Sparse Double Descent in Vision Transformers: real or phantom threat?
- URL: http://arxiv.org/abs/2307.14253v1
- Date: Wed, 26 Jul 2023 15:33:35 GMT
- Title: Sparse Double Descent in Vision Transformers: real or phantom threat?
- Authors: Victor Qu\'etu, Marta Milovanovic and Enzo Tartaglione
- Abstract summary: Vision transformers (ViTs) are state-of-the-art thanks to their attention-based approach.

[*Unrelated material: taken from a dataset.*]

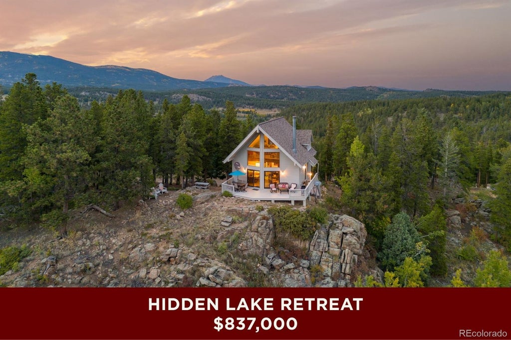 Welcome to Hidden Lake, a private mountain community just north of Ward where residents enjoy fishing, boating & swimming on their own shared alpine lake. A rare property, one of only 10 homes with direct lake frontage, offering a setting that feels both intimate & extraordinary. The home itself carries all the charm of a mountain retreat with striking rooflines, soaring windows that frame endless views & a wraparound deck designed for outdoor living. From this elevated vantage you can take in the expanse of lake & mountains, while a more secluded sitting area among the pines offers a quiet spot for Adirondack chairs & evenings around the fire. Inside, the main level living space is warm and inviting, anchored by a stone fireplace & wood beam accents. A wall of glass opens to the lake & surrounding forest, bringing the outdoors in & filling the room with natural light. The kitchen & dining area flow easily for meals together or hosting friends, while the lower level guest room provides privacy & comfort. The lofted primary bedroom overlooks the living space below & captures sweeping vistas that stretch across the mountains, giving you a sunrise-to-sunset experience each day. For nearly two decades, this home has been a shared retreat for families who treasured its serenity & convenience, and it is now ready to welcome its next chapter. Recent updates include a full exterior repaint, while practical features like a whole-home water filter, well & septic, and electric baseboard heat ensure comfort. The grounds are thoughtfully mitigated & hold the respected Wildfire Partners Certification. Whether launching a kayak, watching wildlife from the porch, or setting off for adventures in the nearby Indian Peaks Wilderness and Brainard Lake, this is a true basecamp for mountain living. Boulder is just 30 minutes away, with DIA under ninety minutes, keeping the world within reach while you enjoy the peace of your own lakeside escape.
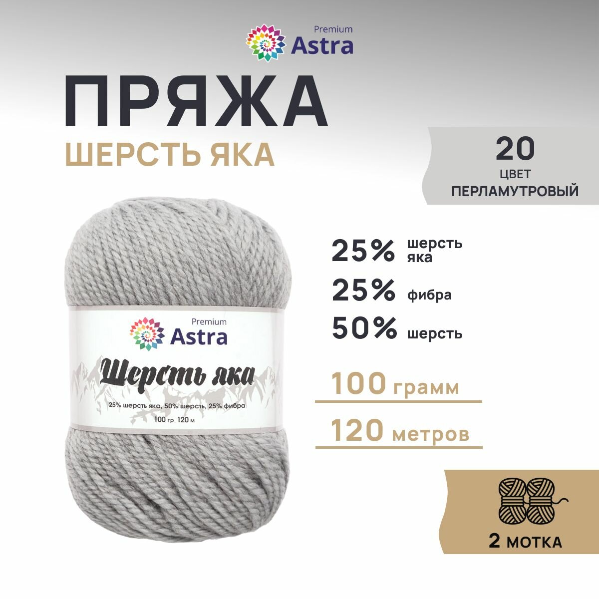 Пряжа для вязания Astra Premium 'Шерсть яка' (Yak wool), 100 г, 120 м (+/-5%) (25% шерсть яка, 50% шерсть, 25% фибра) (20 перламутровый), 2 мотка

Some studies have reported a sparse double descent'' phenomenon that can occur in modern deep-learning models.
This raises practical questions about the optimal size of the model and the quest over finding the best trade-off between sparsity and performance.
- Score: 3.9533044769534444
- License: http://arxiv.org/licenses/nonexclusive-distrib/1.0/
- Abstract: Vision transformers (ViT) have been of broad interest in recent theoretical
and empirical works. They are state-of-the-art thanks to their attention-based
approach, which boosts the identification of key features and patterns within
images thanks to the capability of avoiding inductive bias, resulting in highly
accurate image analysis. Meanwhile, neoteric studies have reported a ``sparse
double descent'' phenomenon that can occur in modern deep-learning models,
where extremely over-parametrized models can generalize well. This raises
practical questions about the optimal size of the model and the quest over
finding the best trade-off between sparsity and performance is launched: are
Vision Transformers also prone to sparse double descent? Can we find a way to
avoid such a phenomenon? Our work tackles the occurrence of sparse double
descent on ViTs. Despite some works that have shown that traditional
architectures, like Resnet, are condemned to the sparse double descent
phenomenon, for ViTs we observe that an optimally-tuned $\ell_2$ regularization
relieves such a phenomenon. However, everything comes at a cost: optimal lambda
will sacrifice the potential compression of the ViT.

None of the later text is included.